A willingness to learn new skills and take on new assignments is important for employees who want to show their flexibility. These actions are also evidence of a good attitude.
Become an Entrepreneur
Pursuing entrepreneurship can be a good way to provide employment for oneself, and eventually hire others. Conducting thorough research to uncover areas of potential growth and concentrating on outstanding customer service can help put a business on the path to success.
Company websites, social media, news and trade publications, and industry associations are good sources of information about employers and trends. These sites provide information about who’s hiring, the mission and vision of potential employers, and which industries are growing.
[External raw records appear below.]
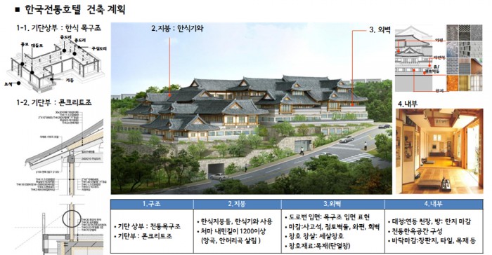 한편, 장충동 호텔신라 부지는 한양도성과 인접한 자연경관지구와 역사문화미관지구가 뒤섞여 있어 건축물 신·증축이 까다롭지만 2011년 자연경관지구라도 자연경관과 조화를 이루는 '한국전통호텔'은 허용했다.호텔신라의 새 건축안 한옥호텔의 조감도와 계획안.<자료제공=서울시>
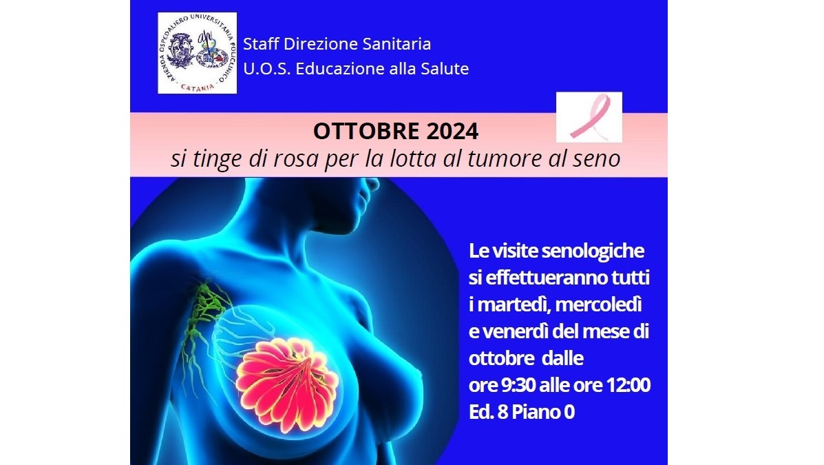 MESE PREVENZIONETUMORI MAMMELLA: DAL 1 OTTOBRE INiZIATIVA PER LE DIPENDENTI AZIENDALI Dal 1 di ottobre, per tutti i martedì, mercoledì e venerdì del mese di ottobre, l’Azienda Ospedaliero Universitaria “G. Rodolico – San Marco” metterà a disposizione SOLO ALLE DIPENDENTI DELL'AZIENDA, donne in età compresa tra i 30 e i 40 anni una visita gratuita sulla prevenzione del tumore al seno, con la possibilità di incontri in presenza, previa prenotazione fino ad esaurimento posti. Per informazioni e prenotazioni sarà necessario chiamare il numero 095 3781599 nei giorni della settimana escluso il giovedì, dalle ore 11 alle ore 13.00. Dopo la visita alla quale seguirà una diagnosi ed eventualmente un percorso terapeutico adatto a ciascuna paziente. Gli incontri avranno luogo nei locali della Breast Unit e della Clinica Chirurgica, all’edificio 8 del presidio “Rodolico” di via Santa Sofia 78. L’Azienda aderisce, così, al mese della prevenzione dei tumori della mammella che si celebra ogni anno ad ottobre.
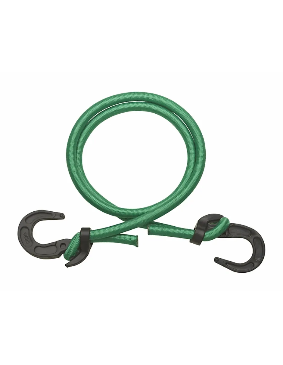 Tendeur ajustable, cordon en caoutchouc de latex plat, crochets en plastique. Vert. Longueur 80cm. Pour arrimage de bagages, vélo, valise…
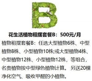 租赁:在自己和单位养护条件不好时,可以租摆。虽然每月付租金,但不用担心植物养不好所造成的损失。例如买一颗发财树260元左右,但养三个月就死了,一年买4次,就得花1000多元,再加上购买时的来回车费,平时还得费心费力的照管它,实在辛苦;而租一棵60元/月,一年720元,平时有专人负责照管,树死了出租方负责更换,既少花钱,又省心省力,也是一种不错的选择。
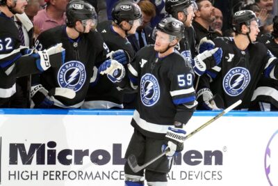 Guentzel put the Lightning in front with a power-play goal when Victor Hedman’s point shot deflected off his shin pad at 15:09.
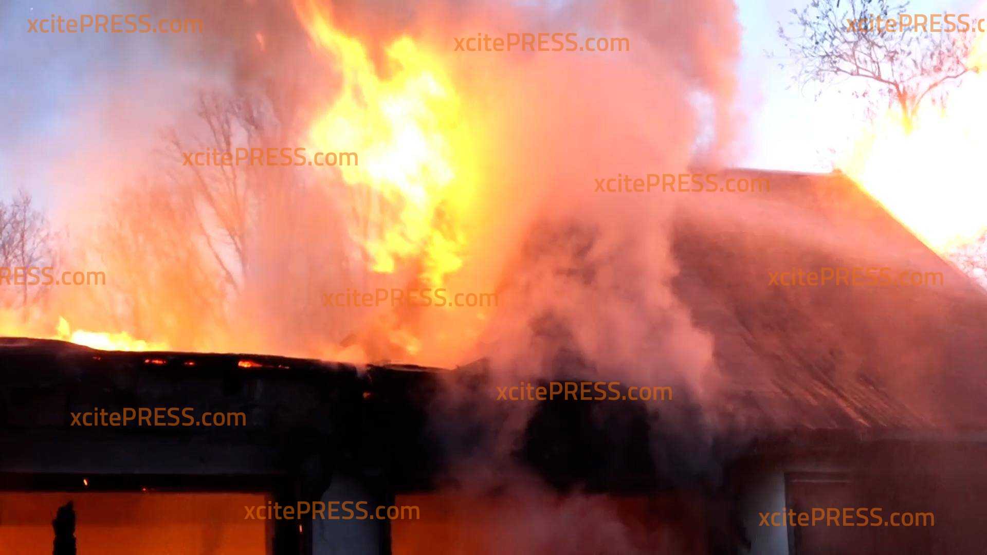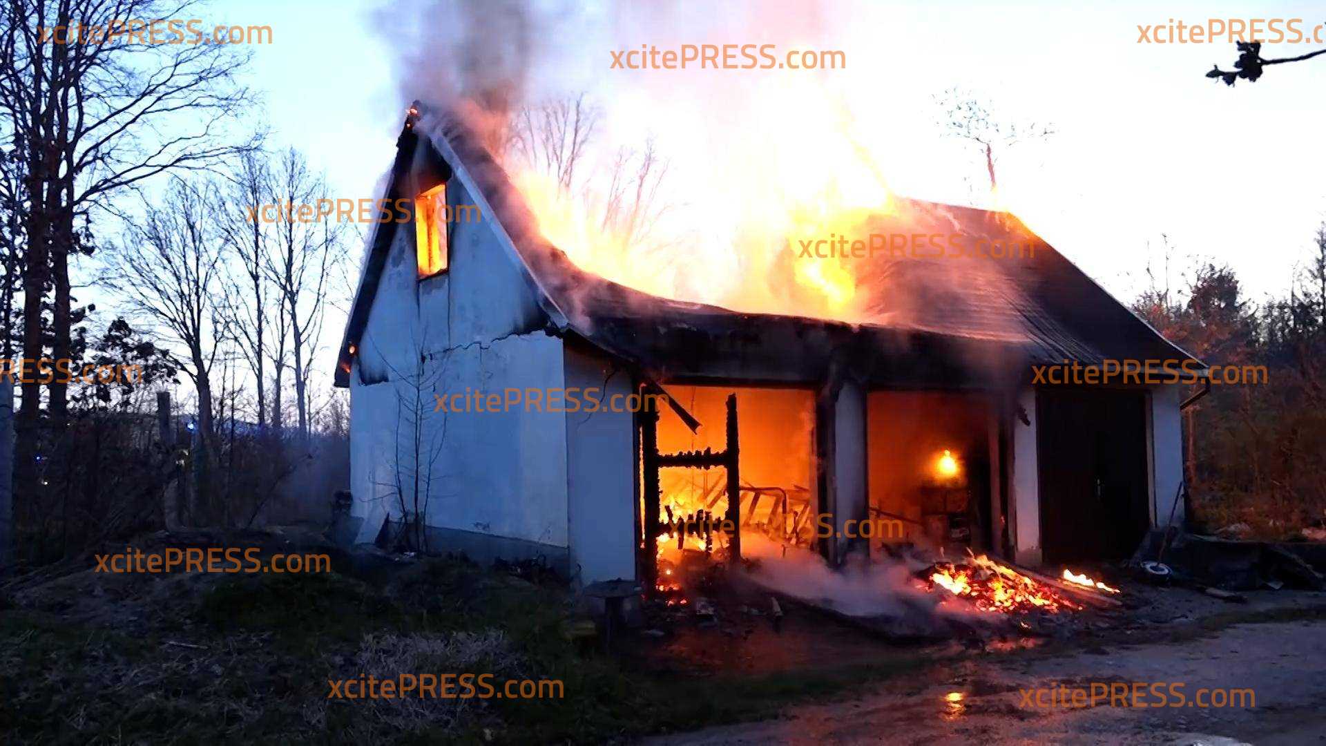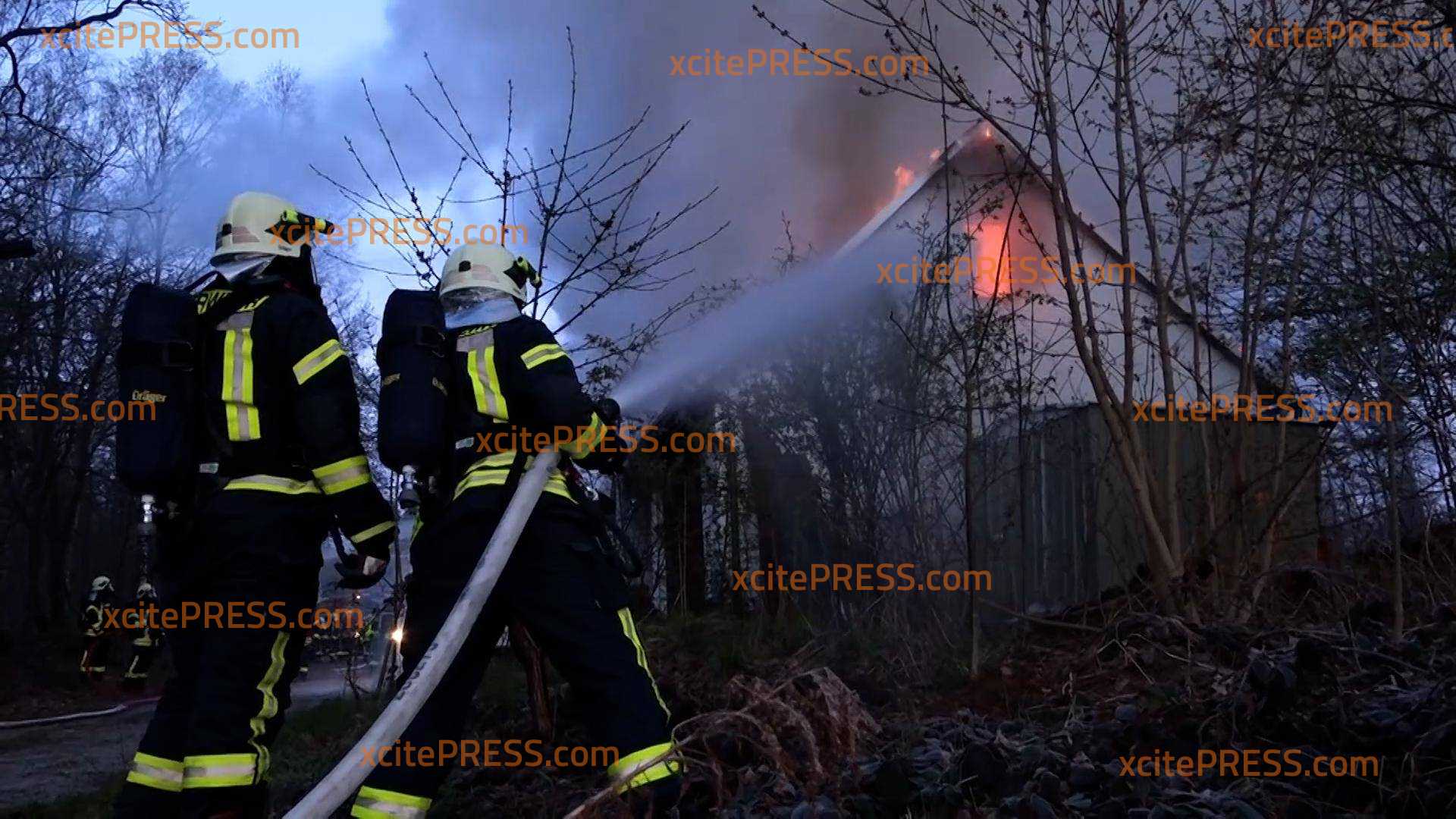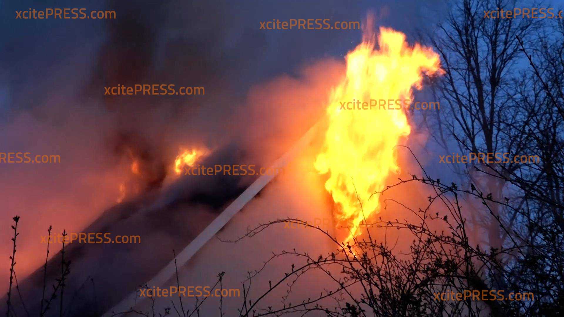 - Flammen schlagen aus Fenster und Dach
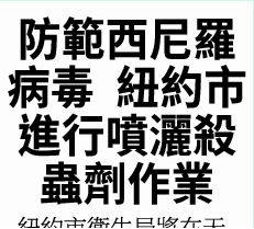 「市民應該在外出時,特別是身處沼澤地區時,使用驅蟲劑來保護自己,並確保活動地區地表積水已被排除,或可向311報告地表積水情況。」
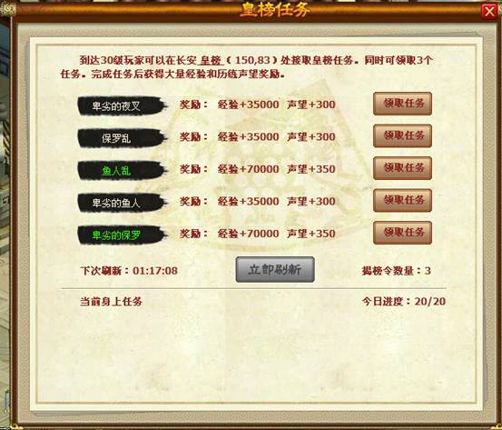 1. 玩家在长安城皇榜处接取皇榜任务,同时可领取3个任务;

Ask Personal and Professional Contacts
Asking contacts, such as friends, family, and professional referrals, for job suggestions and assistance is a good strategy for finding roles that are a good fit. They can offer details about their past and current employers and provide connections to employers who are hiring.
Use Job Search Services
Online job sites, college career services, recruitment agencies, job fairs, and state departments of labor can help with finding employment. In some cases, they can facilitate training for new skills.
Tools and organizations can get unemployed individuals connected to benefits and a new job. The following are among those resources:
- gov — The federal government offers a help center with information such as unemployment resources, COVID-19 benefits, and hotline information.
- Best Job Search Websites — The Balance Careers reviews job sites to highlight the best.
- CareerOneStop — The U.S. Department of Labor offers tips for using online tools to make connections and research jobs.
- gov — The federal government provides unemployment information including links related to unemployment benefits, insurance coverage, workers’ compensation, and financial assistance.
Employer Tips for Combating Unemployment
Employers can help prevent unemployment by keeping their current employees on board. The following are some steps companies can take to retain workers:
Communicate with Employees
Gallup reported in 2019 that of workers who voluntarily left their jobs, 51% indicated that no one in management asked them about their job satisfaction or their role with the company in the three months before they left. Frequent conversations about employees’ experiences as well as the company’s expectations of them can help improve retention rates.
Encourage Employee Growth
Employers can encourage employees to stay by offering ways they can learn and grow. From training for new skills to new roles to pursue, good employees want challenges and equitable opportunities for moving up.
Understand Unemployment and How to Address It
Unemployment has implications not only for those who can’t find work but also for families, employers, the economy, and society. A solid understanding of unemployment statistics, the types of unemployment, and ways to address the issue can help individuals prepare for situations that can lead to unemployment — whether voluntary or involuntary.